• **Exercise**
In the records below, the lines between the one holding "浴衣帯 日本製 クリーム色" and the one holding "So we await", inclusive, are to be transcribed exactly; no pictures are to be included.

(Data excerpts)
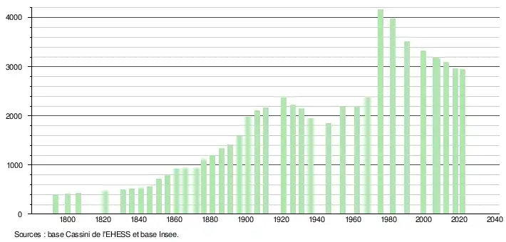 L'évolution du nombre d'habitants est connue à travers les recensements de la population effectués dans la commune depuis 1793. Pour les communes de moins de 10 000 habitants, une enquête de recensement portant sur toute la population est réalisée tous les cinq ans, les populations légales des années intermédiaires étant quant à elles estimées par interpolation ou extrapolation[21]. Pour la commune, le premier recensement exhaustif entrant dans le cadre du nouveau dispositif a été réalisé en 2007[22].
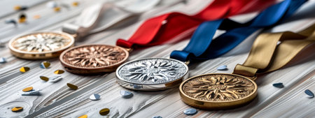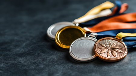 Five medals with various metallic finishes hang on colorful ribbons against a textured background. The composition features close-up details, showcasing the circular designs and textures. The lighting highlights the metallic surfaces. Suitable for use in presentations about achievement, awards, or success, this image has commercial application.
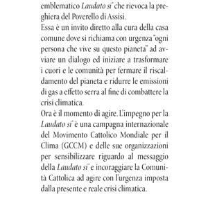 Religiosi o atei, tutti percepiamo la gravità dell’immane catastrofe ecologica che incombe su di noi. Qual è una delle possibili risposte? Nel giugno 2015, Papa Francesco ha pubblicato la sua seconda enciclica dal titolo emblematico Laudato si’ che rievoca la preghiera del Poverello di Assisi. Essa è un invito diretto alla cura della casa comune, dove si richiama con urgenza “ogni persona che vive su questo pianeta” ad avviare un dialogo ed iniziare a trasformare i cuori e le comunità per fermare il riscaldamento del pianeta e ridurre le emissioni di gas a effetto serra al fine di combattere la crisi climatica. Ora è il momento di agire. L’impegno per la Laudato si’ è una campagna internazionale del Movimento cattolico mondiale per il clima (GCCM) e delle sue organizzazioni per sensibilizzare riguardo al messaggio della Laudato si’ e incoraggiare la Comunità Cattolica ad agire con l’urgenza imposta dalla presente e reale crisi climatica.
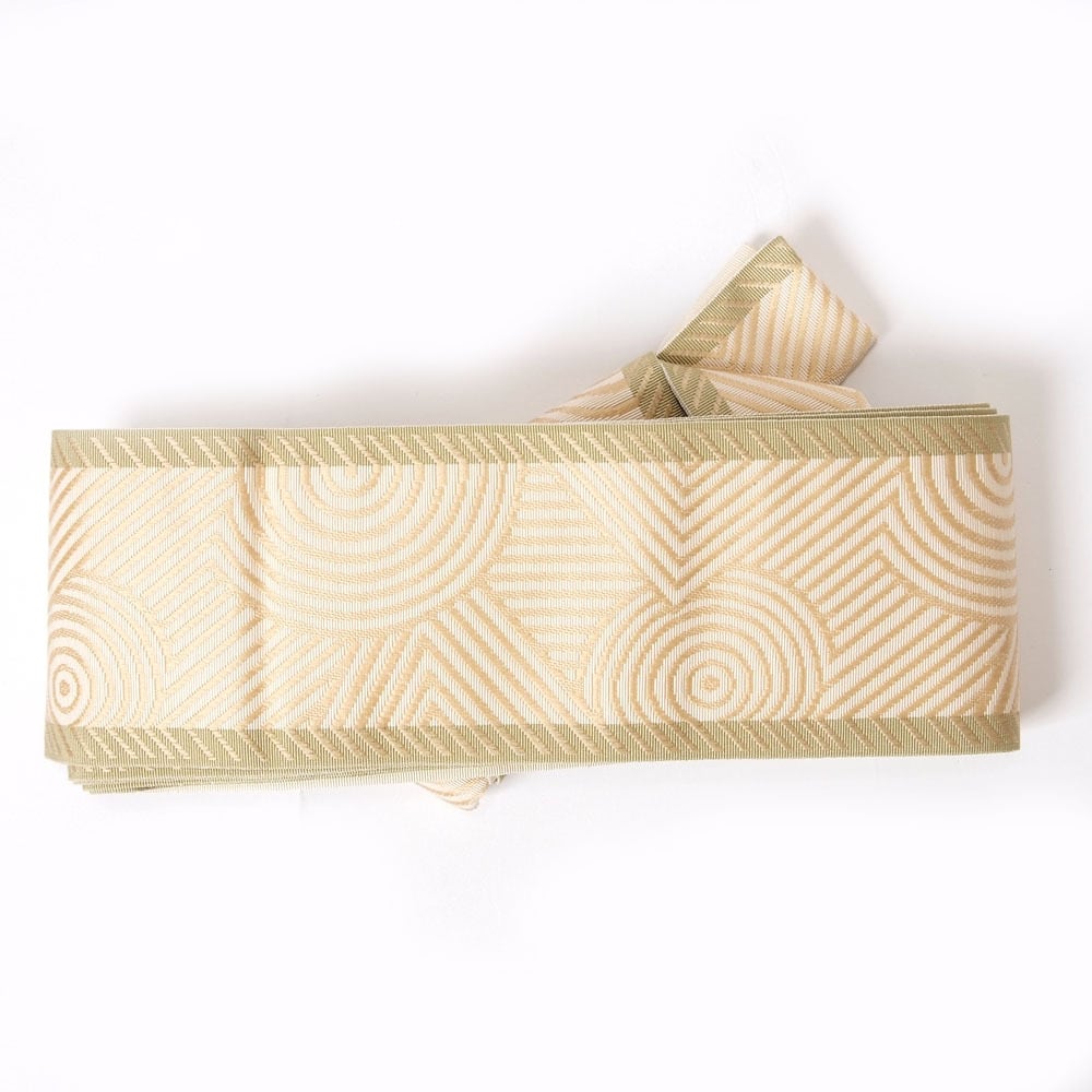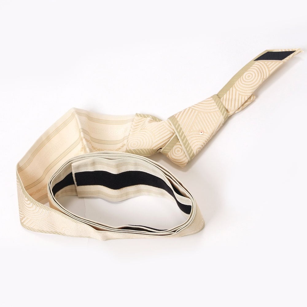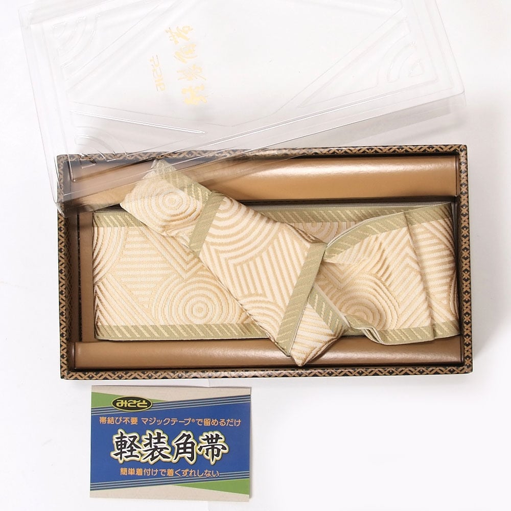【きもの山喜】角帯 ワンタッチ 本場筑前 博多織 正絹 男帯 面ファスナーでとめるだけ 軽装帯 作り帯 着物帯 浴衣帯 日本製 クリーム色
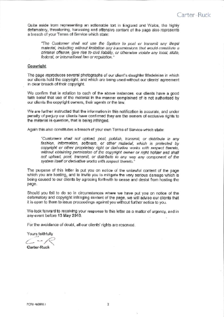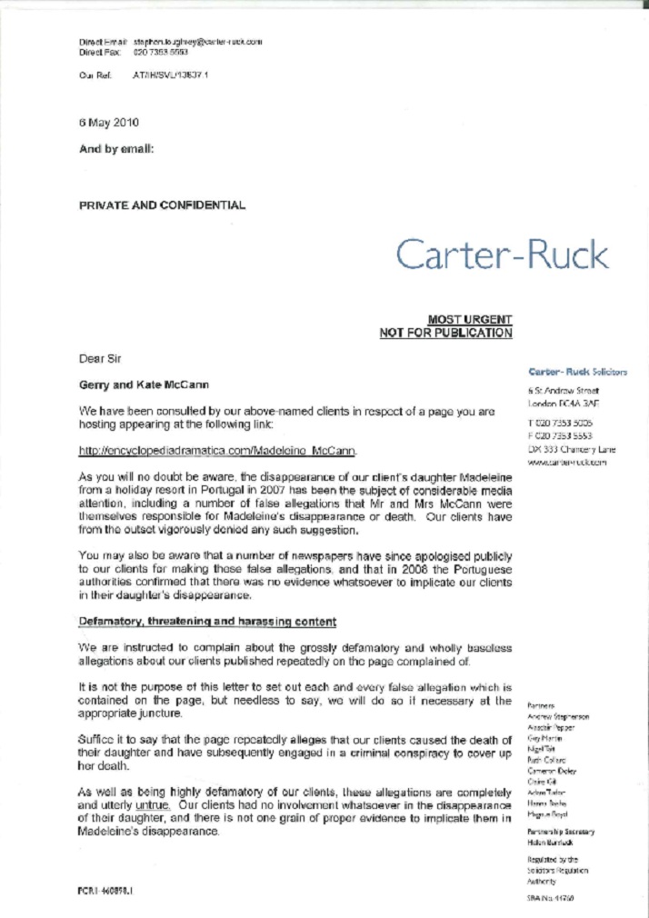 So we await then the impending presentation at the theatre of legal lunacy, Carter-Ruck no
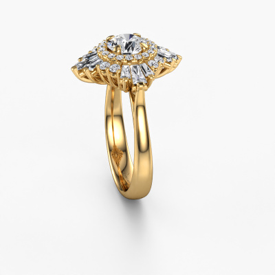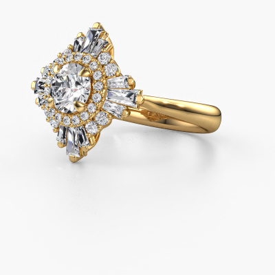 This 14 Carat gold ring is called Thalia and is set with 1.605 crt lab grown diamond. An extraordinary gold vintage ring. One that will surely make the love of your life shine like a diamond! That is what we hope to achieve. This vintage engagement ring is set with exquisite lab grown diamond. Whichever gemstone you choose from our selection, is up to you. The gemstone is selected with great care because we believe your special engagement ring must be adorned with nothing but the most beautiful gemstone. Wouldn't you agree? Our expert goldsmith will design your ring in our own crafting studio, where the lab grown diamond will be set with great precision. The ring will then be polished till it shines perfectly. Nothing but the best for the love of your life! This jewel is made with passion and love by one of our master goldsmiths.After receiving your order, our goldsmiths will passionately start the creative process of making your engagement ring in our own studio. Because we don't have a big stockpile, these costs will not be passed on to you. Our pricing is proof of that! We offer top quality jewels at lowest price, guaranteed.Have you found a specific engagement ring somewhere which you would like to give to your loved one? Please feel free to express your wishes to our jewel designers because we would be honoured to turn your design into a vintage engagement ring. You can follow the development of your ring design because we use 3D drawings. This gives you a realistic preview of how your design will look. You can also preorder a dummy. A dummy is a plastic ring, which can be shaped according your ring design. You can try it on and check if its width and size are suitable for you. We will gladly send you a non-binding offer, based on a fair price/ quality ratio. It will amaze you, considering the quality of the ring and gemstones.To make it easier for you, we offer a 30 day return policy. Check our terms and conditions.
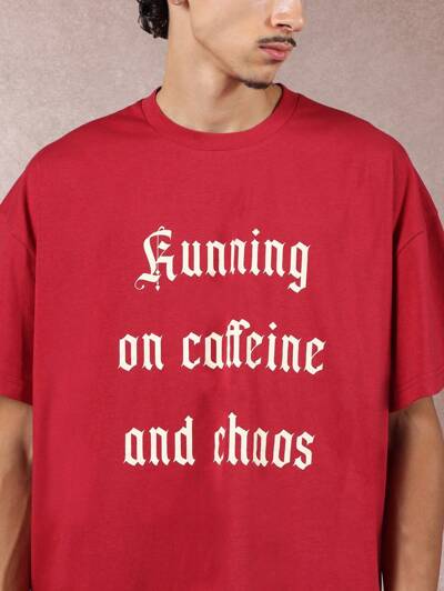 ゴシックテキストプリントのボックス型コットンジャージーTシャツ-40%
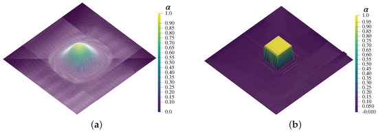 - We omit function spaces for approximation other than the and Sobolev spaces. There exist a vast variety of so-called mixed finite element schemes that use finite elements based on different or composite function spaces with unique properties [42]. For example, one may construct function spaces that can exactly fulfill divergence-free properties () or conditions based on the rotation of a field (). The specific choice of finite element, then, would require a considerable amount of expertise and would warrant a complex decision process of its own. Furthermore, the number of elements available for such spaces is vastly ambiguous, as outlined in Section 1. We thus focus on scalar-, vector-, and tensor-valued Lagrange elements solely. They have been shown to encompass a similar solution space as well and perform comparably for fluid and electromagnetic problems [43,44]. In summary, we similarly sacrifice some freedom in choosing possibly very-well-suited function spaces for the benefit of attaining a decision metric that allows for an unambiguous recommendation.
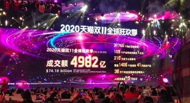 天猫双11成交额达4982亿元
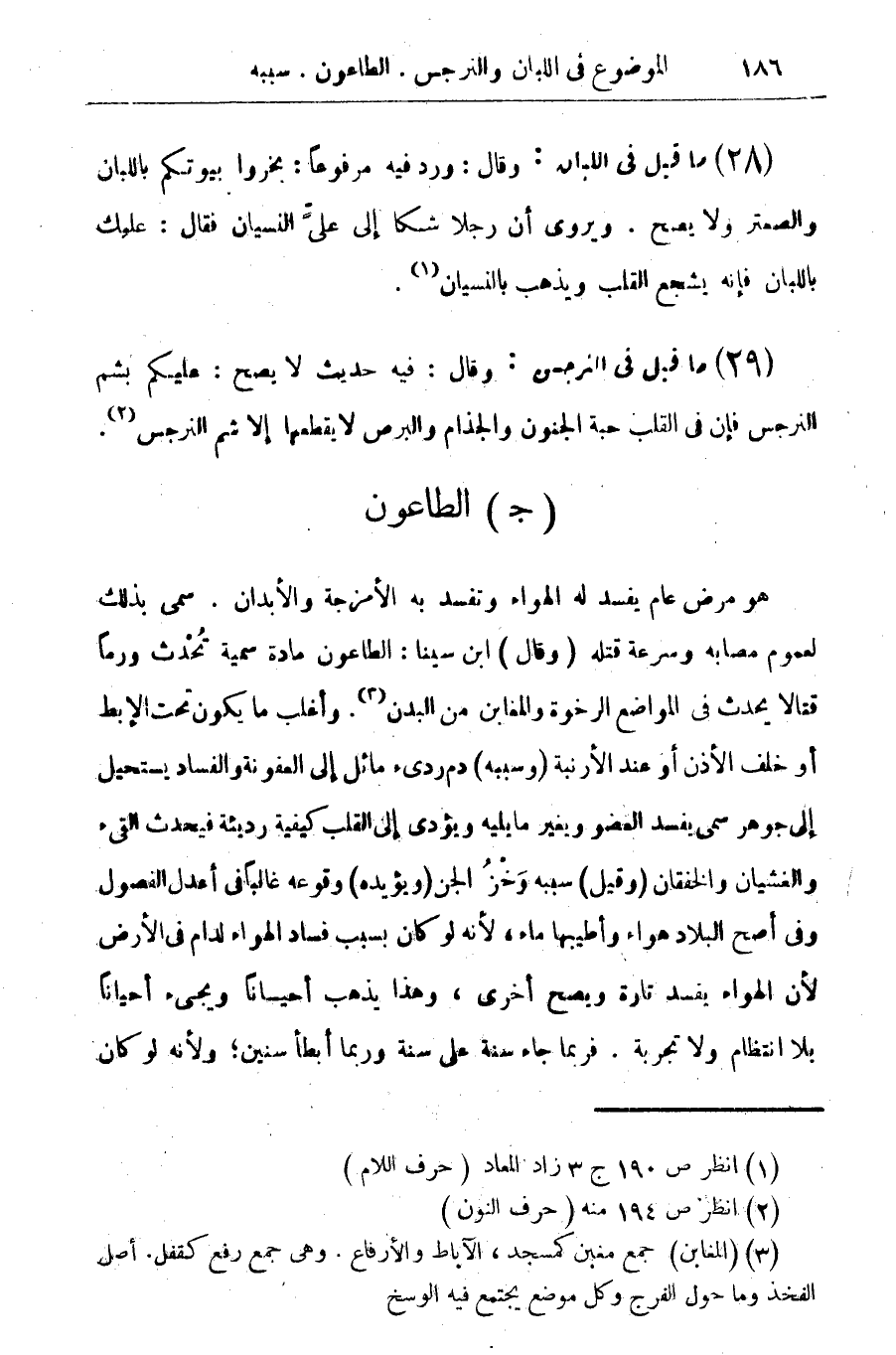 هو مرض عام يفسد له الهواء وتفسد به الأمزجة والأبدان. سمى بذلك لعموم مصابه وسرعة قتله (وقال) ابن سينا: الطاعون مادة سمية تحدث ورما قتالا يحدث في المواضع الرخوة والمغابن من البدن (¬3). وأغلب ما يكون تحت الإبط أو خلف الأذن أو عند الرنبة (وسببه) دم رديء مائل إلى العفونة والفساد يستحيل إلى جوهر سمى يفسد العضو ويغير ما يليه ويؤدى إلى القلب كيفية رديئة فيحدث القيء والغثيان والخفقان (وقيل) سببه وخز الجن (ويؤيده) وقوعه غالبا في أعدل الفصول وفى اصح البلاد هواء وأطيبها ماء، لأنه لو كان بسبب فساد الهواء لدام في الأرض لأن الهواء يفسد تارة ويصح أخرى، وهذا يذهب أحيانا ويجئ أحيانا بلا انتظام ولا تجربة. فربما جاء سنة على سنة وربما أبطأ سنين؛ لأنه لو كان

• **Response for this exercise**
【きもの山喜】角帯 ワンタッチ 本場筑前 博多織 正絹 男帯 面ファスナーでとめるだけ 軽装帯 作り帯 着物帯 浴衣帯 日本製 クリーム色
 So we await then the impending presentation at the theatre of legal lunacy, Carter-Ruck no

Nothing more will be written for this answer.